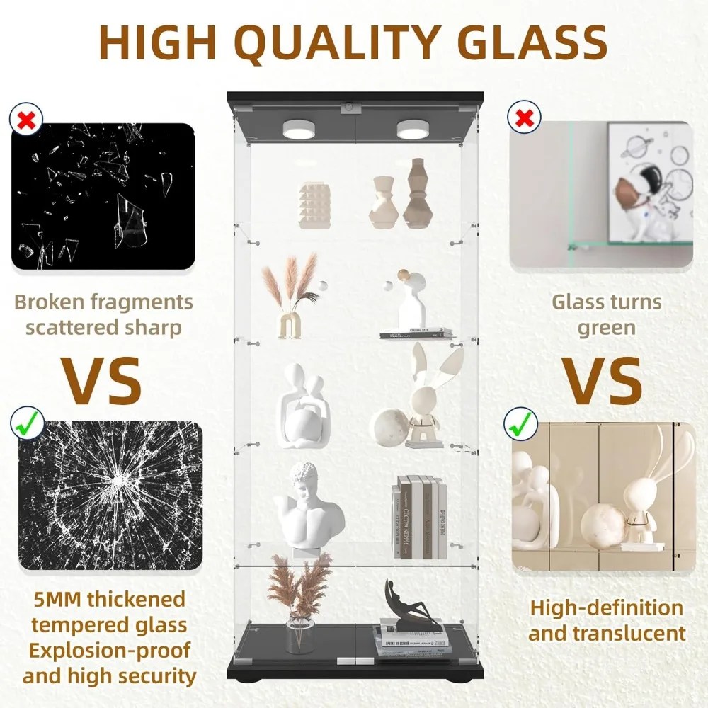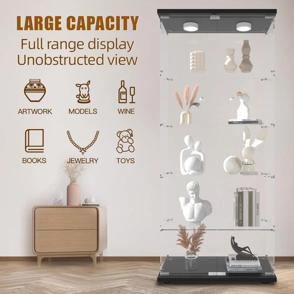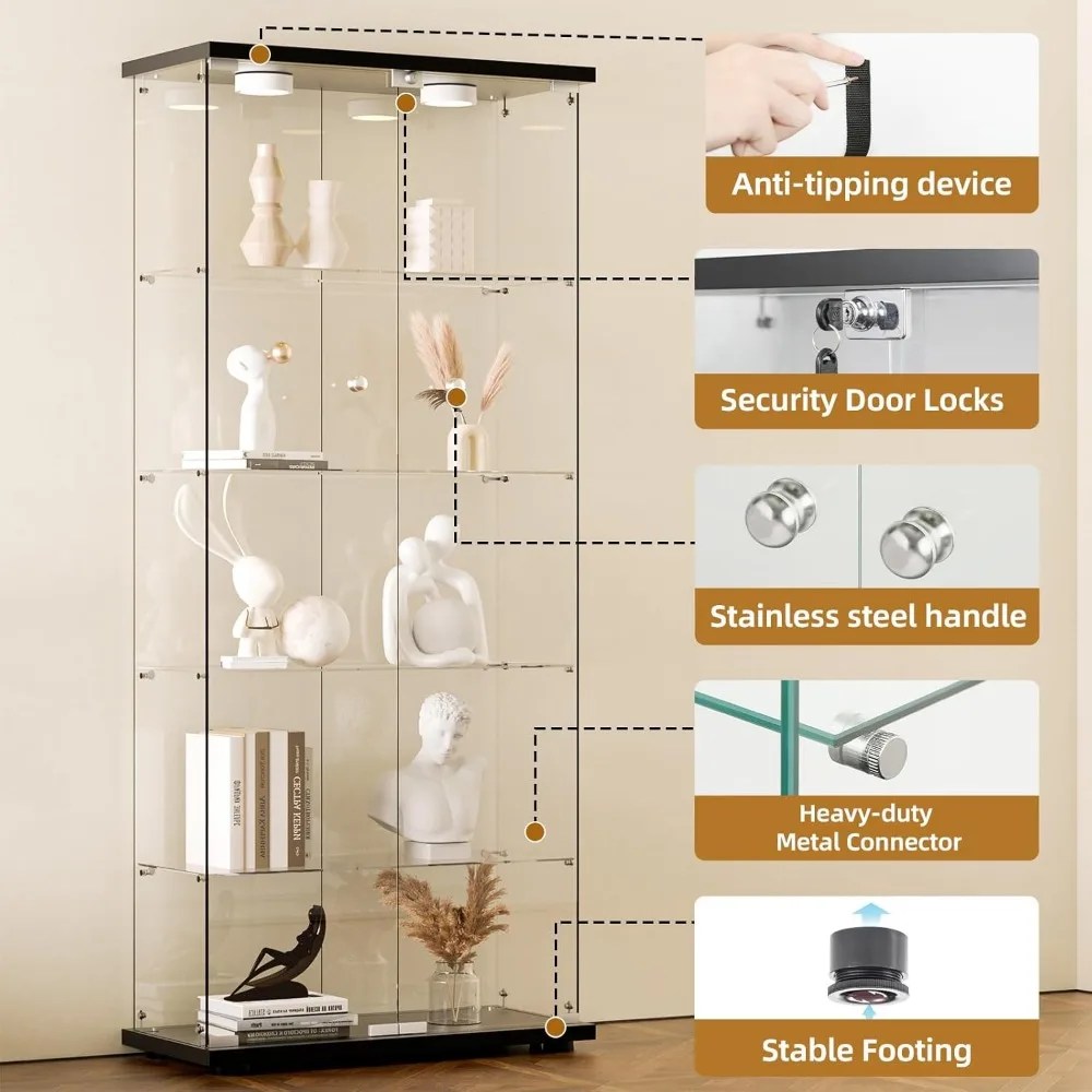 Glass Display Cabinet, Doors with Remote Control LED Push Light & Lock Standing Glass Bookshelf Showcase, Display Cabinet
::::::::
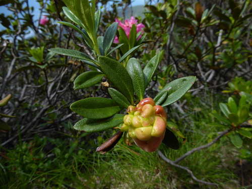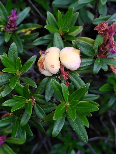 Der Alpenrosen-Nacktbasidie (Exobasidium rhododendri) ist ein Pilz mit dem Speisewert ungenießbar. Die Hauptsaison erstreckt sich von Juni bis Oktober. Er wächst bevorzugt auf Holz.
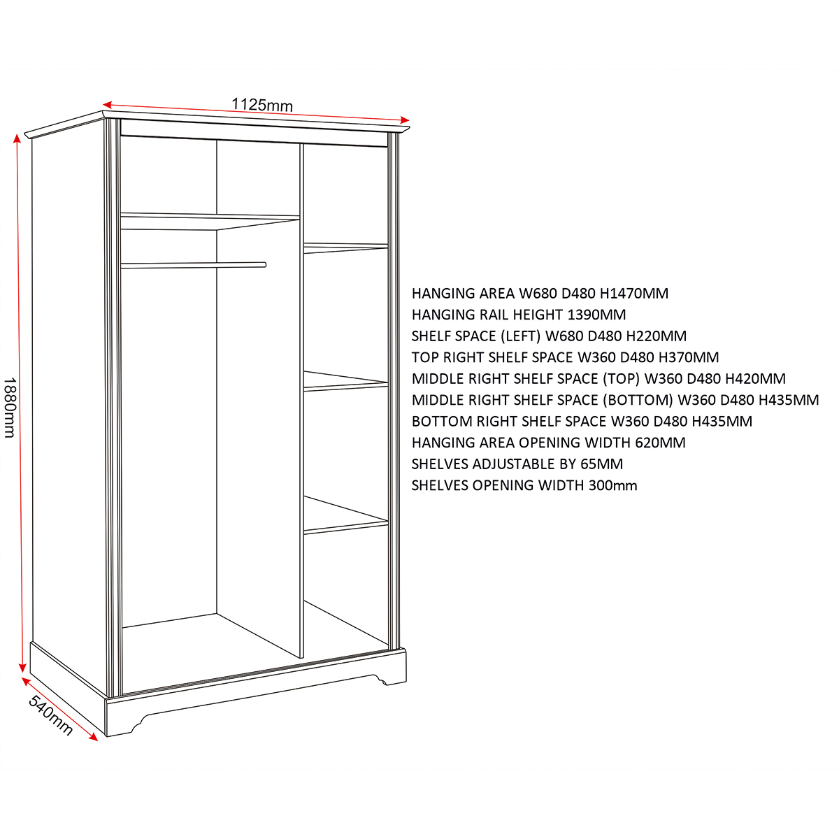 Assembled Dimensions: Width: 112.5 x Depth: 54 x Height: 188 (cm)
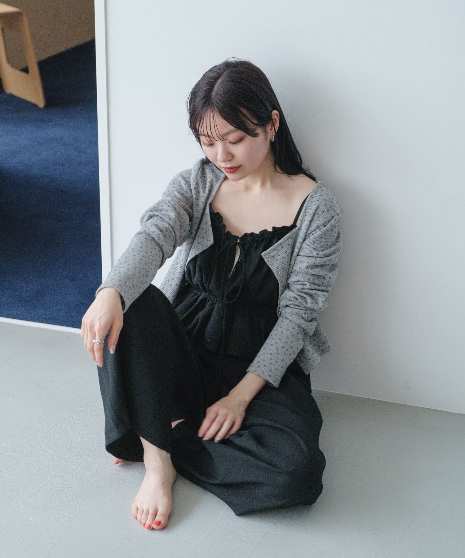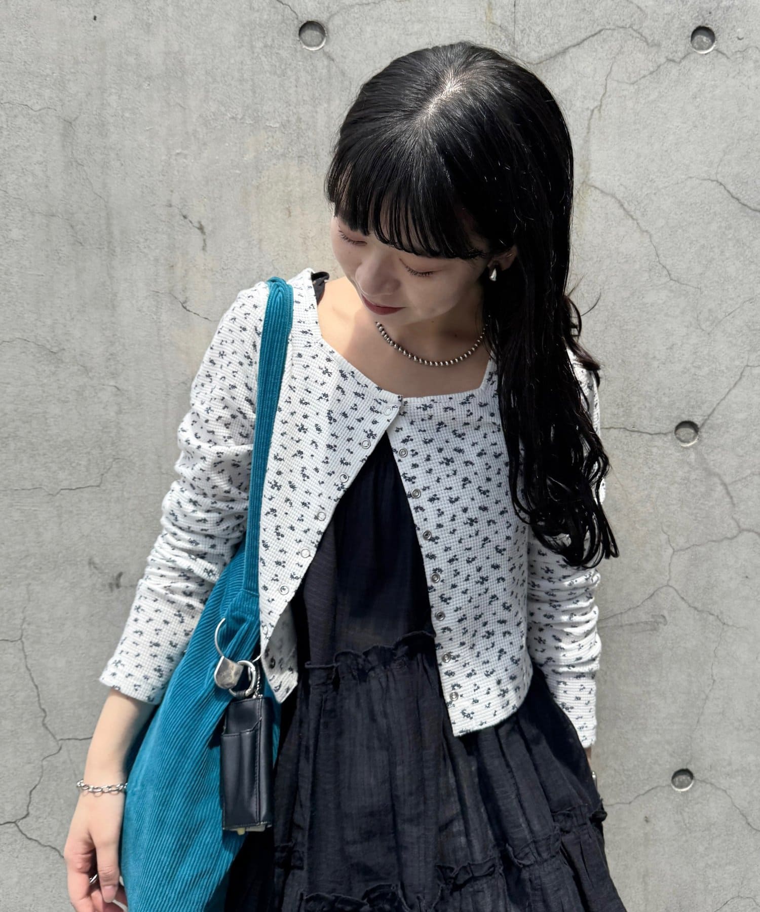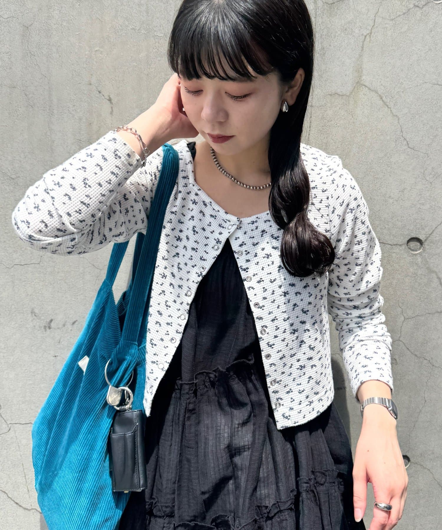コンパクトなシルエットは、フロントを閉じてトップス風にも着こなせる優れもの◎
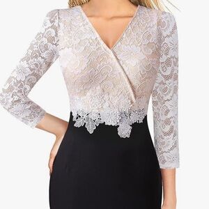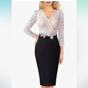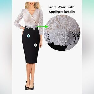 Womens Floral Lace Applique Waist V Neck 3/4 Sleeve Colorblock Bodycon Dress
::::::::
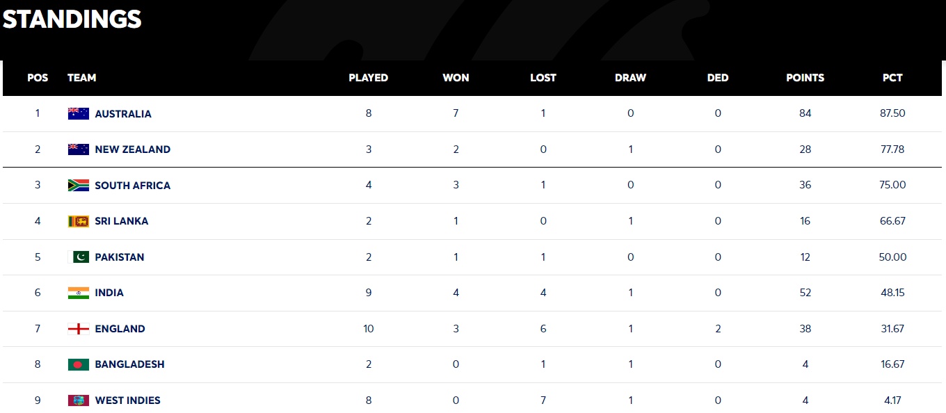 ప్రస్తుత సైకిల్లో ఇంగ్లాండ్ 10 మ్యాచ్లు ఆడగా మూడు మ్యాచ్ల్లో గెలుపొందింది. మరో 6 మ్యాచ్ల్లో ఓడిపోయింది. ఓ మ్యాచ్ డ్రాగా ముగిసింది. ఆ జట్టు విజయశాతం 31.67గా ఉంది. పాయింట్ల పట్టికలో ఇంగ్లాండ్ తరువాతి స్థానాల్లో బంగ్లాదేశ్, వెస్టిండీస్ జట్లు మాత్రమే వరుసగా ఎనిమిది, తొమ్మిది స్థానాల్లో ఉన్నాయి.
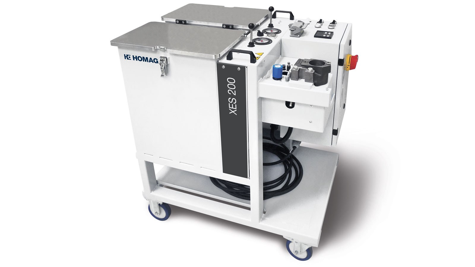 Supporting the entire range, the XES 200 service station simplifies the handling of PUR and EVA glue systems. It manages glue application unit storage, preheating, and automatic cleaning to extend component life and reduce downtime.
::::::::
Assignment: Range to copy from the records above: the line containing "Der Alpenrosen-Nacktbasidie (Exobasidium" to the line containing "コンパクトなシルエットは、フロントを閉じてトップス風にも着こなせる優れもの◎", both included. Output those lines exactly and only those, skipping pictures.

Answer to the exercise:
 Der Alpenrosen-Nacktbasidie (Exobasidium rhododendri) ist ein Pilz mit dem Speisewert ungenießbar. Die Hauptsaison erstreckt sich von Juni bis Oktober. Er wächst bevorzugt auf Holz.
 Assembled Dimensions: Width: 112.5 x Depth: 54 x Height: 188 (cm)
コンパクトなシルエットは、フロントを閉じてトップス風にも着こなせる優れもの◎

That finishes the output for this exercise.